__What you should do__: Transcribe the listing that follows in full, exactly, and drop its images.

── Available data ──

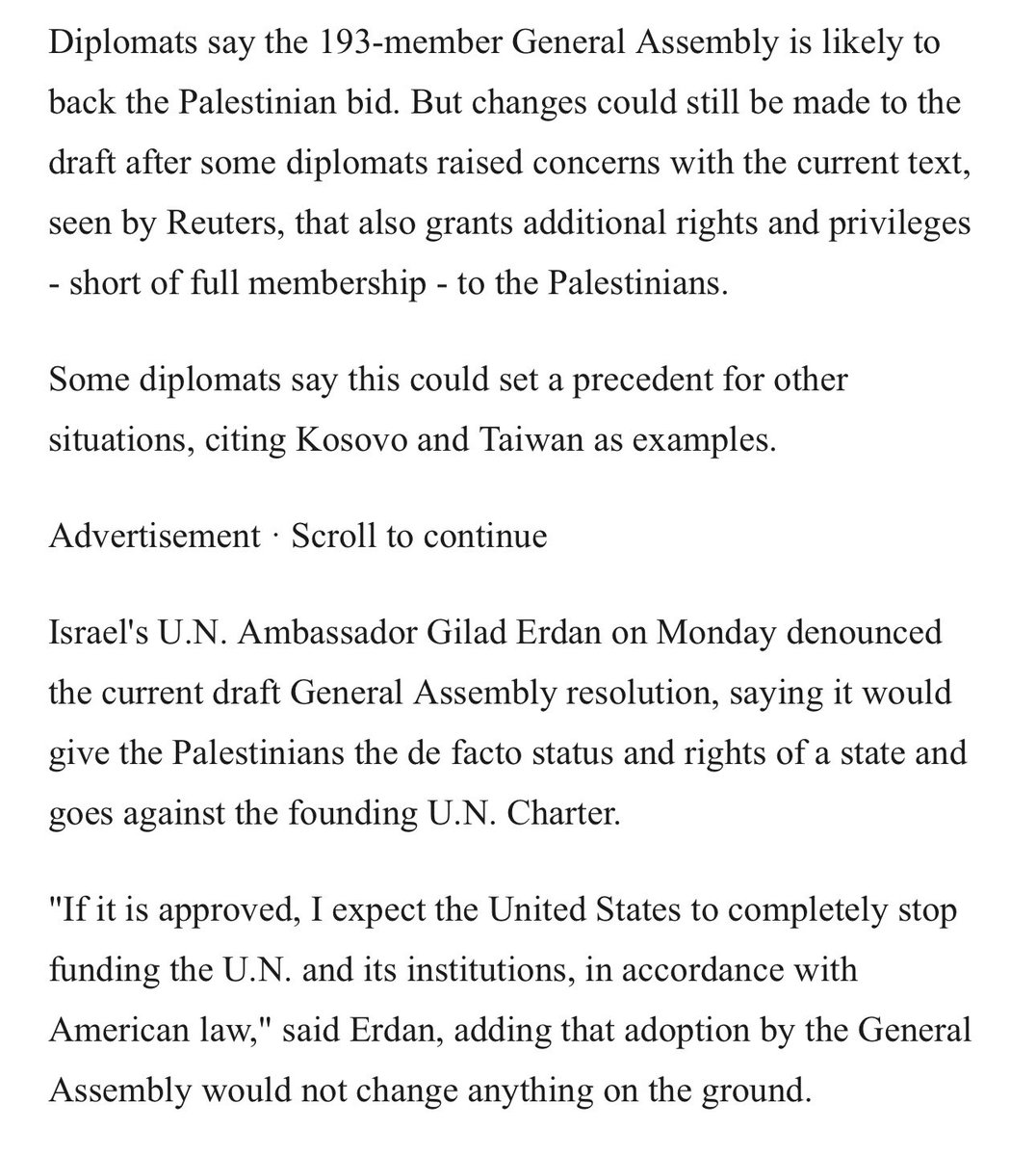 在巴勒斯坦加入联合国的申请被美国在安理会一票否决后,联合国大会将表决支持巴勒斯坦加入联合国。以色列驻联合国大使威胁说,如果联合国大会通过该决议,美国将会停止对联合国的所有资助。以色列还真毫不掩饰把自己当成美国的宗主国。 https://t.co/RjWS2B90Nt
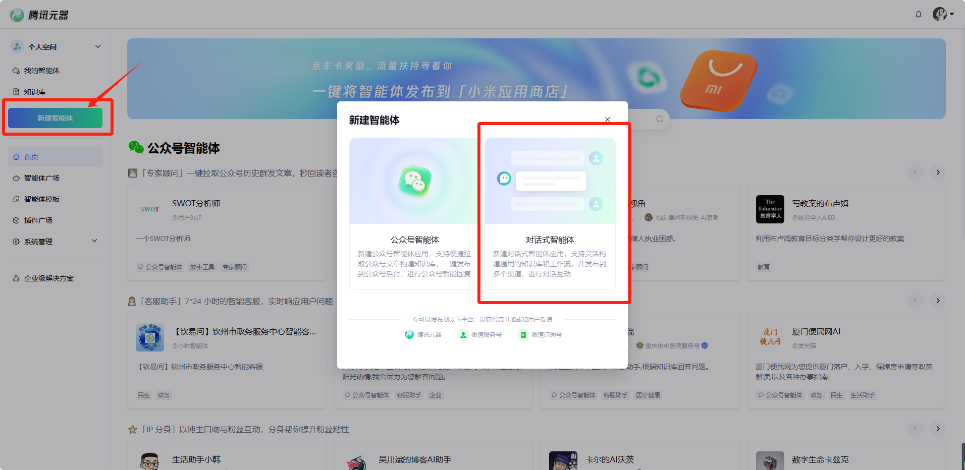 打开腾讯元器官网(网址:首页 – 腾讯元器),用微信扫码登录,然后选择【新建智能体】。这里可以看到有2种选择,“公众号智能体”可以一键拉取公众号文章作为知识库,智能体搭建成功后,可以集成到公众号内,进行公众号智能回复;“对话式智能体”可以灵活构建知识库和工作流,并发布到多个渠道进行使用。
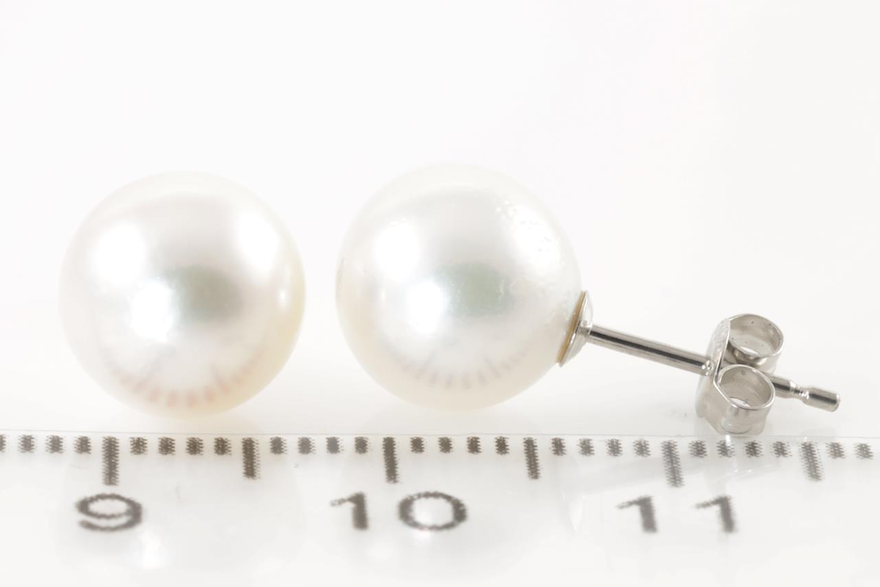 Pearl stud earrings with Akoya pearls of 8.8mm. Platinum. Weight: 2.4g (As New)

───

__Solution to this problem__:
 在巴勒斯坦加入联合国的申请被美国在安理会一票否决后,联合国大会将表决支持巴勒斯坦加入联合国。以色列驻联合国大使威胁说,如果联合国大会通过该决议,美国将会停止对联合国的所有资助。以色列还真毫不掩饰把自己当成美国的宗主国。 https://t.co/RjWS2B90Nt
 打开腾讯元器官网(网址:首页 – 腾讯元器),用微信扫码登录,然后选择【新建智能体】。这里可以看到有2种选择,“公众号智能体”可以一键拉取公众号文章作为知识库,智能体搭建成功后,可以集成到公众号内,进行公众号智能回复;“对话式智能体”可以灵活构建知识库和工作流,并发布到多个渠道进行使用。
 Pearl stud earrings with Akoya pearls of 8.8mm. Platinum. Weight: 2.4g (As New)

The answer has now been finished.